Along with all these cultural discoveries, travelers will also partake in a variety of culinary-related highlights, from a lesson involving medicinal plants from the Amazonas, a cocktails class, an introduction to the cacao production in the area, and of course hands-on cooking classes with a variety of chefs who will introduce you to the dishes of the region.

  • Your first class takes place in Lima under the guidance of Chef Jose, a native to Peru who also spent some time in the USA and who studied at Le Cordon Blue in Peru. When not teaching cooking classes, he’s often cooking with his family, especially on Sundays when the whole family gets together.
  • The second cooking course is led by Chef Paul, of your accommodations in Moyobamba. The son of a French man and a Peruvian woman, his cooking style spans cultures, and he’ll share some fusion-style recipes, such as trigotto (think risotto but made with trigo, a wheat) and arroz con pato (rice with duck).

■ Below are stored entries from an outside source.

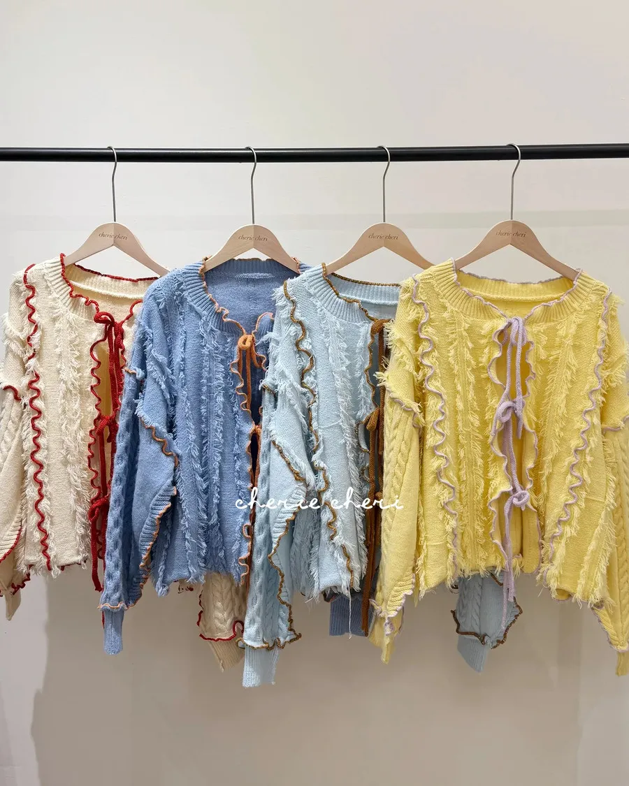 【 讓穿搭多一點靈動:滿滿細節流蘇綁結外搭 🩰 】這款外搭真的如其名,細節感滿分!經典的麻花編織基底,配上領口與衣身邊緣的立體流蘇捲邊,讓整體層次豐富又不失輕盈。最迷人的三個蝴蝶結綁帶設計,可以隨心情調整開合度,內搭一件透膚蕾絲或是簡約洋裝,就能穿出甜美又高級的日系氛圍。 亮點: 撞色考克邊流蘇、三段式綁帶設計、精緻麻花紋路 ------------------------------------------------------------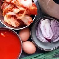 2. 泡菜切丝,洋葱蒜苗切小段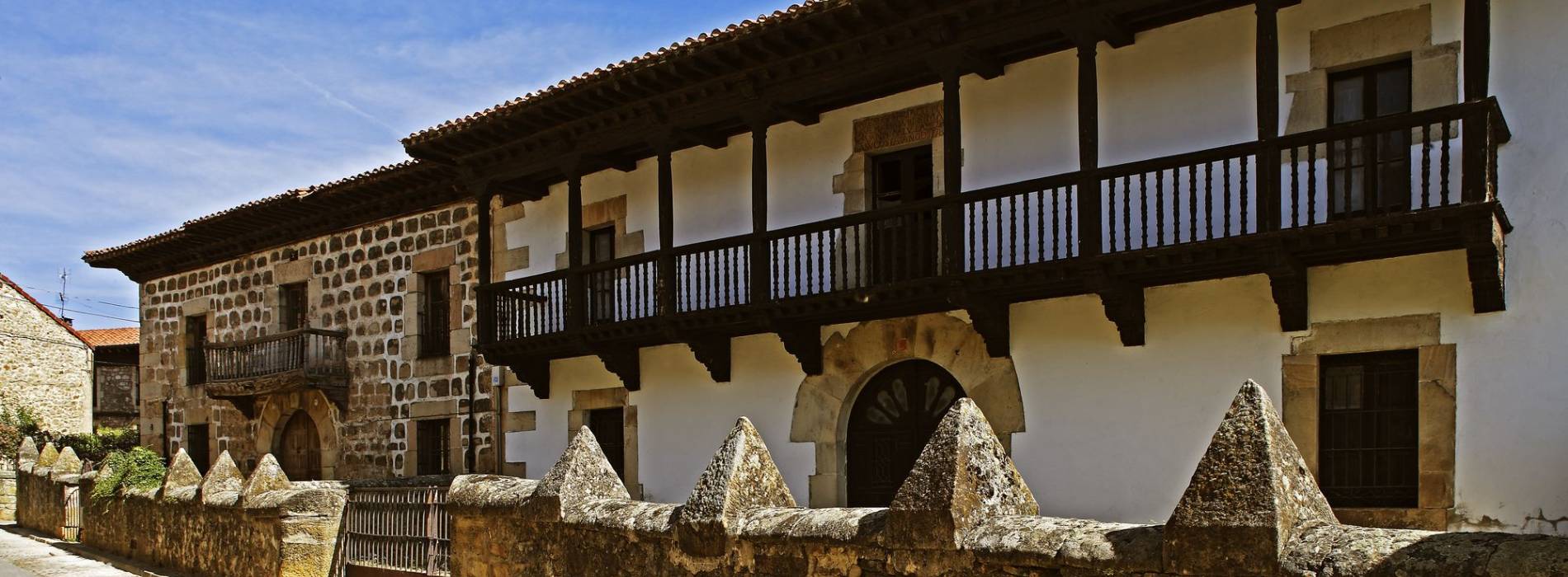 Casona con balcones de madera, fachada labrada en piedra de sillería y puerta en arco construida en 1778 siguiendo la traza típica de la vivienda de la zona, en dos plantas rectangulares con la distribución de las dependencias desde un zaguán.
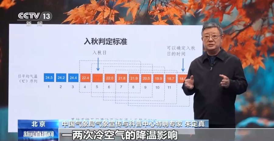 中国气象局气象宣传与科普中心特聘专家 朱定真:为了保证不是受一两次冷空气的降温影响,所以叫5天滑动平均气温。从某一个日期开始,以5天为一周期的滑动,逐渐来测温度,直到低于22度的平均温度出现了5天以上,如果是连续的,那这5天里的第一天就作为入秋日期。
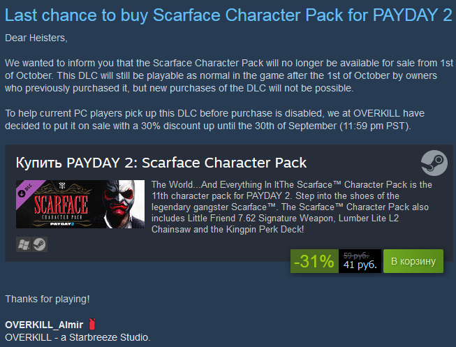 ыС 22 сентября и до 1 октября 9:59 по мск будет действовать скидка 30% на дополнение Scarface Character Pack.

  • Next head to the kitchen of Chef Paul, who heads a modern and lively restaurant in the Amazon.
  • And last but certainly not least, discover the regional specialty of juane avispa with two local women, who have worked at Yacumama for more than two decades. The recipe is one that has been passed down for generations, and the origins of the word come from ‘juan’ as it was a dish that was prepared during the Fiesta de San Juan, one of the biggest fiestas in Peru.
    Through the wide variety of cooking classes, you’ll discover the immense and unique flavors of northern Peru.